I don’t think it’s necessary to go in that direction, though. There’s a simpler explanation for this form of gender bias that doesn’t require any controversial claims about inclusive fitness. What seems more relevant here is that the natural human response to displays of anger almost always makes allowance for agency, or lack of agency. The anger of socially powerful people motivates obedience—there’s a Darwinian explanation for that, and it doesn’t involve gender—but the anger of the powerless tends to evoke completely different feelings. With any luck those may be feelings of sympathy, but one of the most common default (unsocialized) reactions is contempt. In cultures where women have less social authority than men—almost all of them, in other words—a gendered response to anger may not demand much more analysis than that.

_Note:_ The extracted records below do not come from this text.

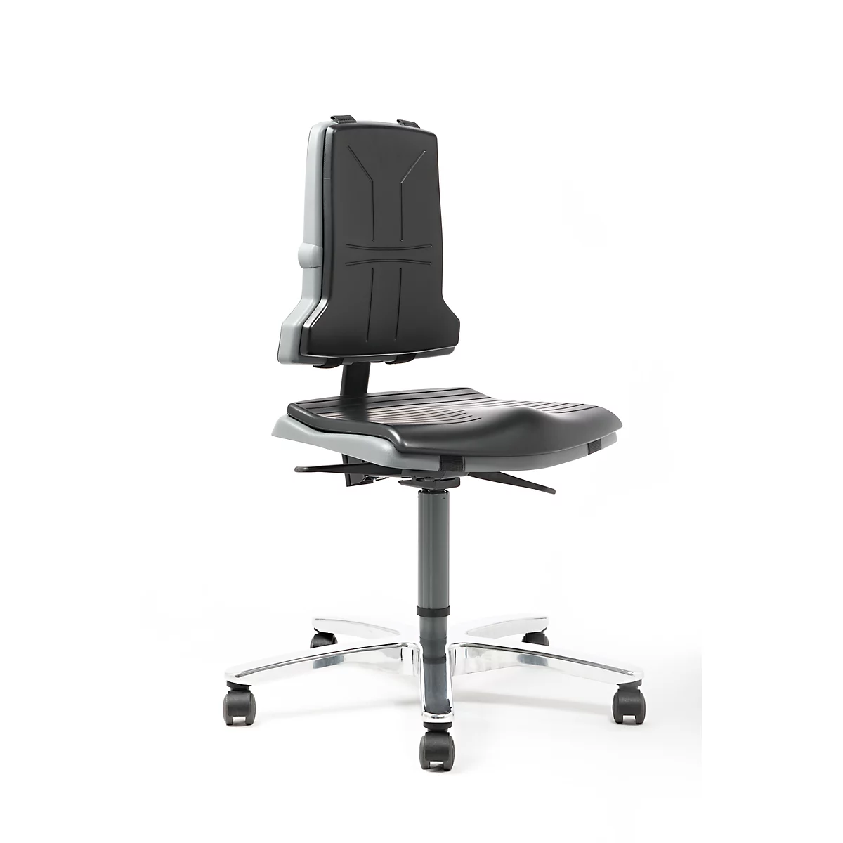 - robuste und sichere Bauweise mit Sicherheitsgasfeder, Stuhlmechanik in verstärkter Ausführung, verstärktem Fußkreuz aus Aluminium und Gasfederabdeckung aus Stahl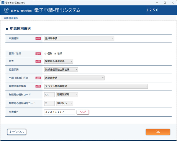 11月17日に行った、デジタル簡易無線の再登録申請。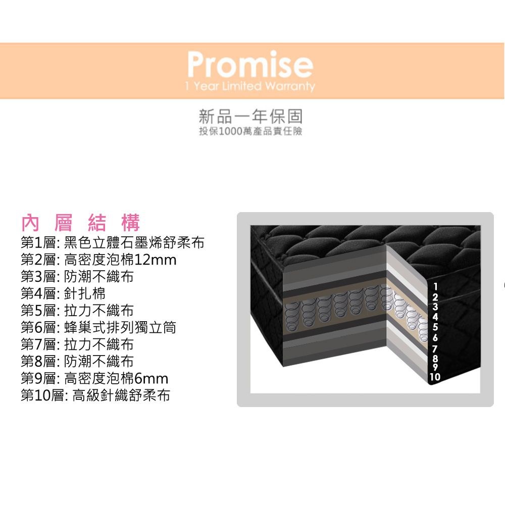 【obis】鑽黑系列_FEANISE三線奈米石墨烯蜂巢獨立筒無毒床墊單人3.5尺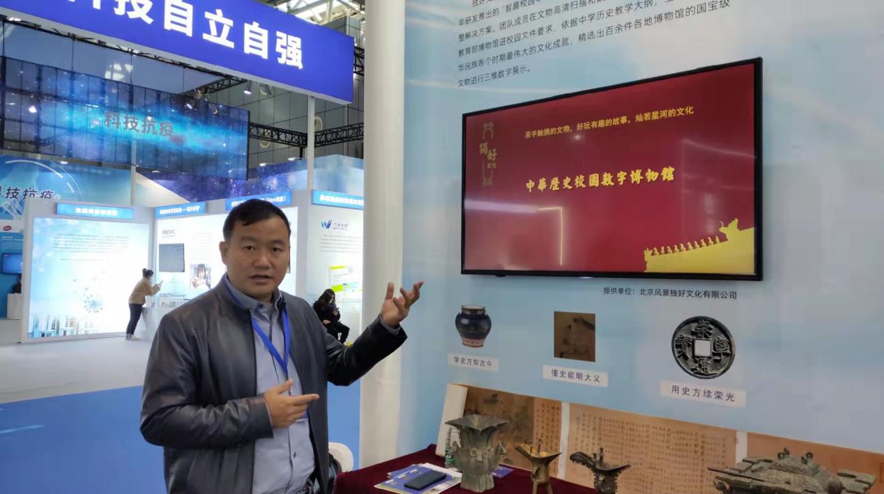 在2021年全國雙創(chuàng)周北京會場的展廳內,由北京風景獨好文化有限公司帶來的“中華歷史數(shù)字博物館”項目,現(xiàn)場演示了以往只能在少數(shù)博物館中展出的珍貴文物的3D影像。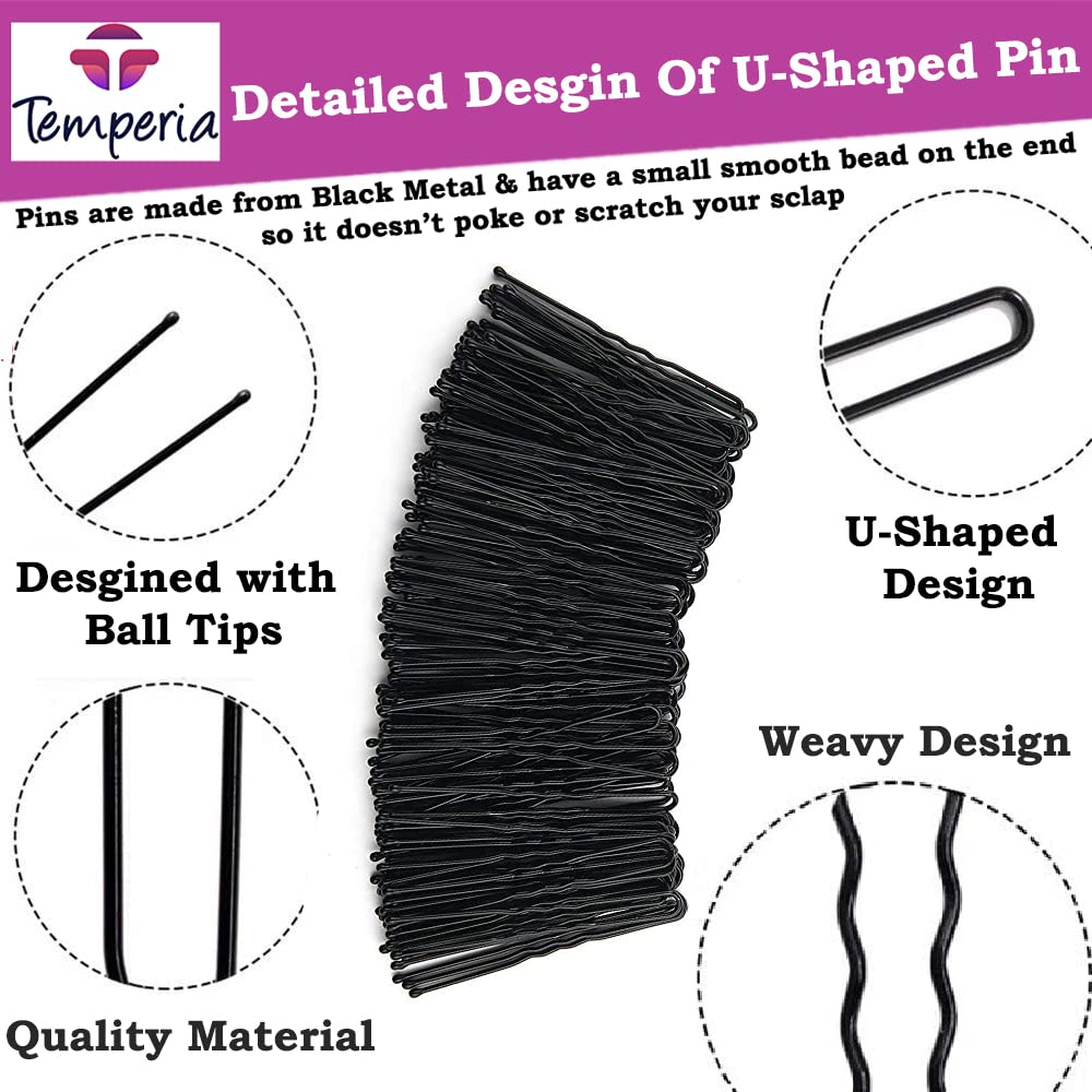 U Hair Pins for Women & Girls | Juda Pins (Pack Of 100) (7cm Long) | Stylish U-Shaped Hairpins for Hairstyling | Hair Styling Accessories Clips (Black)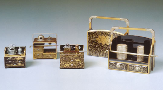 〈左から〉 芦に鶴蒔絵雛用手付きたばこ盆 4.80×4.40×3.10cm 唐草蒔絵雛用手付きたばこ盆池の端七沢屋製 5.60×5.30×3.40cm 黒塗牡丹唐草蒔絵雛用たばこ盆 5.40×5.40×3.20cm 黒塗牡丹に唐草蒔絵雛用提げたばこ盆(対) 9.20×10.00×5.60cm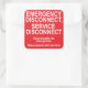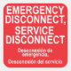 A sheet of six, 3" x 3" EMERGENCY DISCONNECT, SERVICE DISCONNECT sticker labels with Spanish subtitles. Desconexión de emergencia, desconexión del servicio.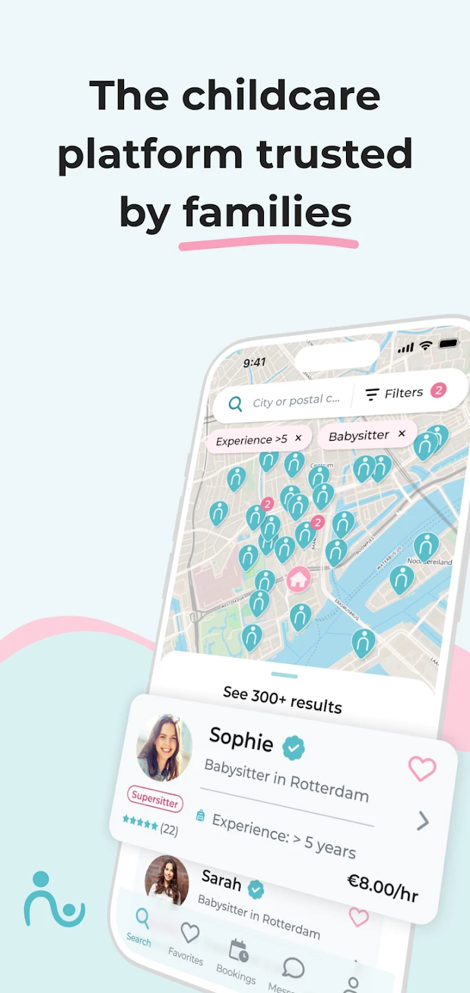 A: Babysits – Find Babysitters uses location-based search and filters (like experience level, age groups, certifications) to help you find local Babysits based on your criteria. You can review their verified profiles, including references and ratings, and book directly through the app.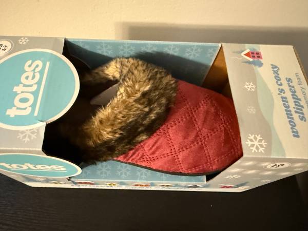 These Totes Women's Slippers in red maroon feature a cozy memory foam footbed for added comfort. The slide style slippers are designed with a faux suede upper material, making them soft and stylish. With a US shoe size of 8-9, these slippers are ideal for women seeking a snug and cushioned fit. Ideal for lounging around the house, these slippers strike a perfect balance between practicality and luxury.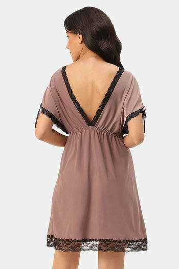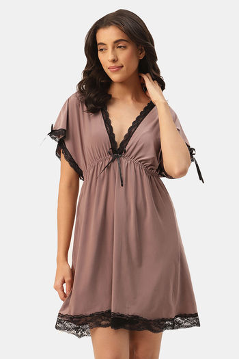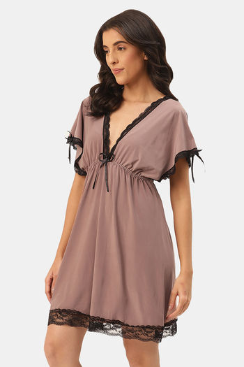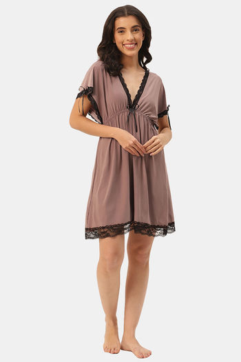 Ms.Lingies Viscose Loungewear Dress - Brown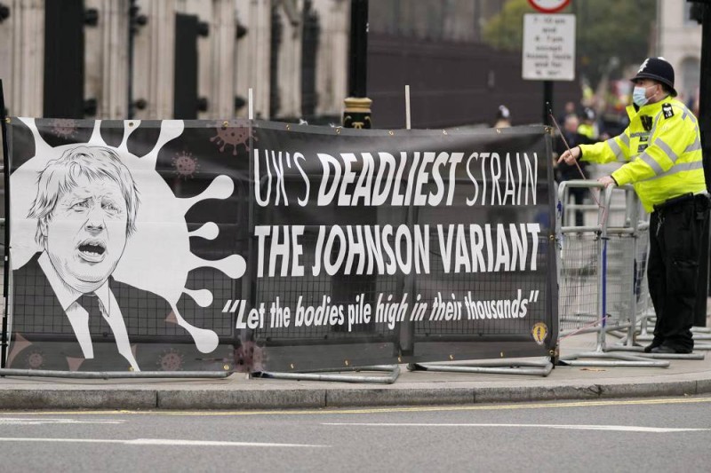 شرطي بريطاني قرب لافتة لمناهضي اللقاحات تندد بـ «متحورة جونسون»! (وكالات)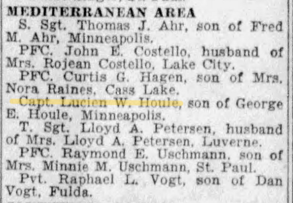 On 4Apr1944, Captain Lucien Houle was killed in action. The circumstances of his death are unknown.
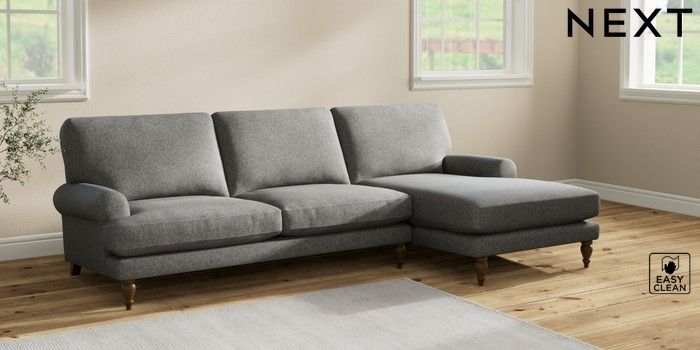 7.2.10 Erin Deep Relaxed Sit Medium Sofa Chaise - Right Hand Tweedy Blend Easy Clean Dark Grey High Classic Turned - Mid | Made Click here to use our website with more accessibility support, for example screen readers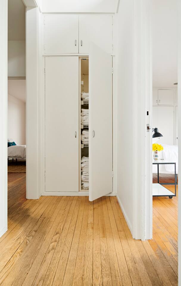 Stay in a piece of history. This home is a rare, living piece of architectural history. Nearly all of the furniture, fixtures, and technology throughout the property are original to the home. Please book with that in mind. BEDROOMS & BATHROOMS ✔ 4 Bedrooms featuring queen-sized beds ✔ Two of the bedrooms feature en-suite bathrooms ✔ 3 Full bathrooms LIVING ROOM ✔ Floor-to ceiling glass-windows ✔ Two large sofas ✔ Original brick fireplace KITCHEN ✔ Nespresso coffee maker ✔ Wine cooler ✔ A fully equipped kitchen includes all the essentials: coffee maker, dishwasher, microwave, refrigerator, cookware, and a full set of utensils. OUTDOOR SPACE ✔ Outdoor table and chairs with seating for 6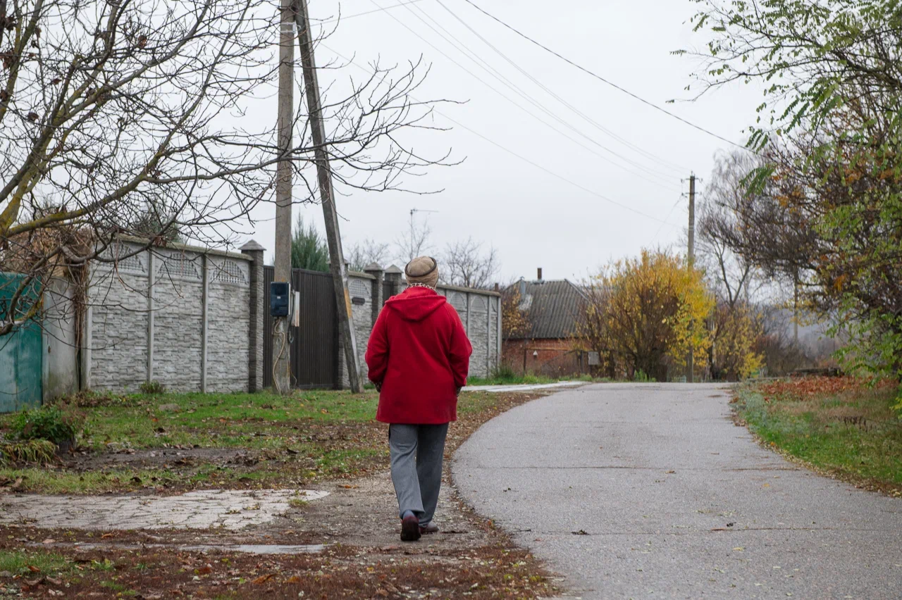 Раздаётся ещё один взрыв, который женщина по-прежнему игнорирует. Татьяна и её муж — оба пенсионеры. Женщина рассказывает, что они стараются никуда не выезжать из села, потому что на дорогах опасно. Из дома пара выходит, чтобы навестить сына, и раз в три дня чтобы сходить в местный магазин и купить продукты.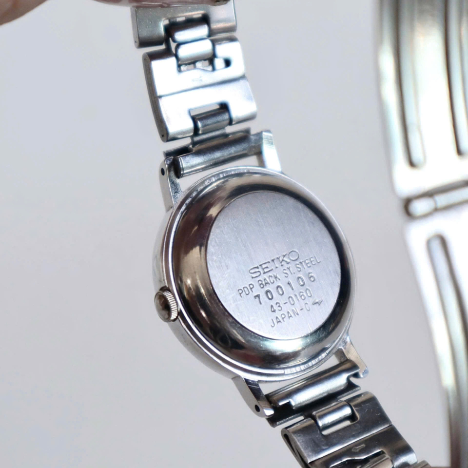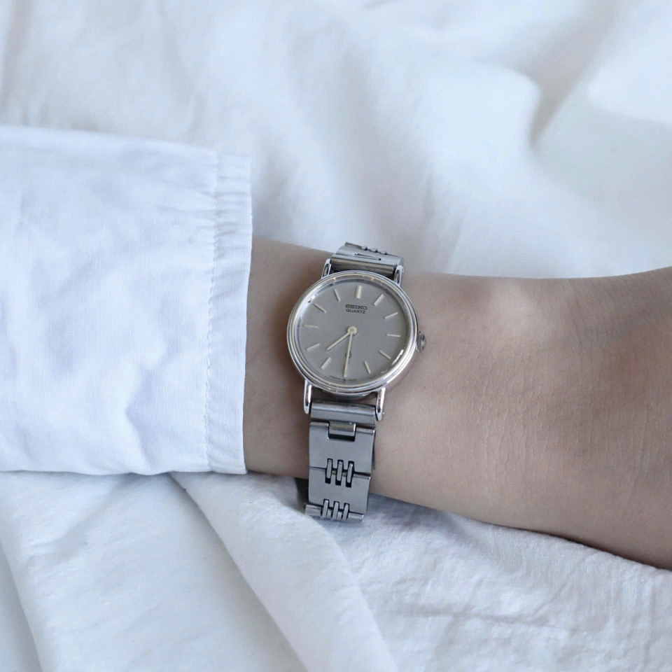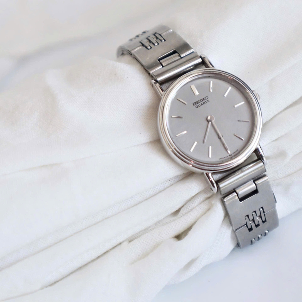 Đặc điểm: Mặt bạc đơn giản, tối giản theo phong cách “Seiko minimalist” thập niên 80. Kim mảnh, vỏ nhỏ gọn, phù hợp cả nam và nữ.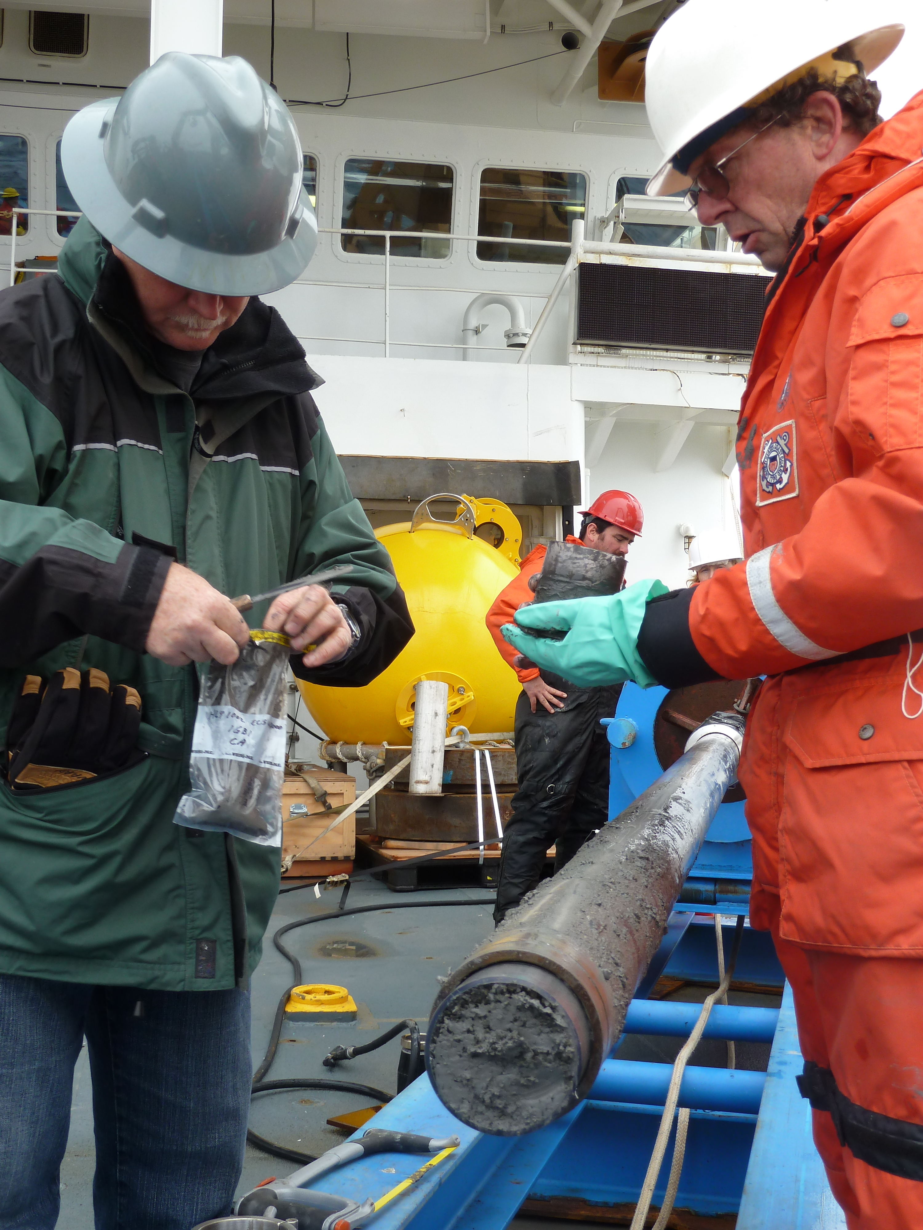 Brian Edwards and Andy Stevenson recover samples from the core cutter and core catcher before removing the plastic lining holding the main core sample. Aboard the USCGC Healy icebreaker in the Beaufort Sea.

Does Barr understand how this is relevant to Afghanistan in 2022? The country spent two decades under armed occupation, but for all practical purposes the international community’s agency there has collapsed. Expressing outrage at the Taliban’s attitudes towards women felt one way when the Taliban were being bombed and shot at (partly because of those attitudes, though not entirely). At this point it feels… different, and not in a good way.
The only coercive measures being directed at the Afghan government now are the US-led regime of economic sanctions, which has had catastrophic effects on civilians of both sexes. To their credit, Barr and her colleagues at Human Rights Watch have campaigned against the embargo, because they realize it’s very unlikely to change the status of Afghan women at a reasonable human cost (or at all, for that matter). But without some alternative strategy for inflicting harm on Afghanistan’s leaders—and let’s face it, inflicting harm is the literal purpose of anger—their criticism of the Biden administration’s policies makes their parallel criticism of the Taliban’s policies very hard to situate. It’s easy to see what there is to be angry about, but not what is there to be angry for.
To be clear: it’s not about being a woman. Regardless of their gender, angry people who are visibly helpless to affect the situation are unlikely to inspire much respect in their adversaries. And if their anger is motivated by an abstract political doctrine their adversaries don’t share, it’s unlikely even to evoke much comprehension. You have to meet people where they are.
So many interesting points here! Also, makes me glad I only tweet about weird store signs.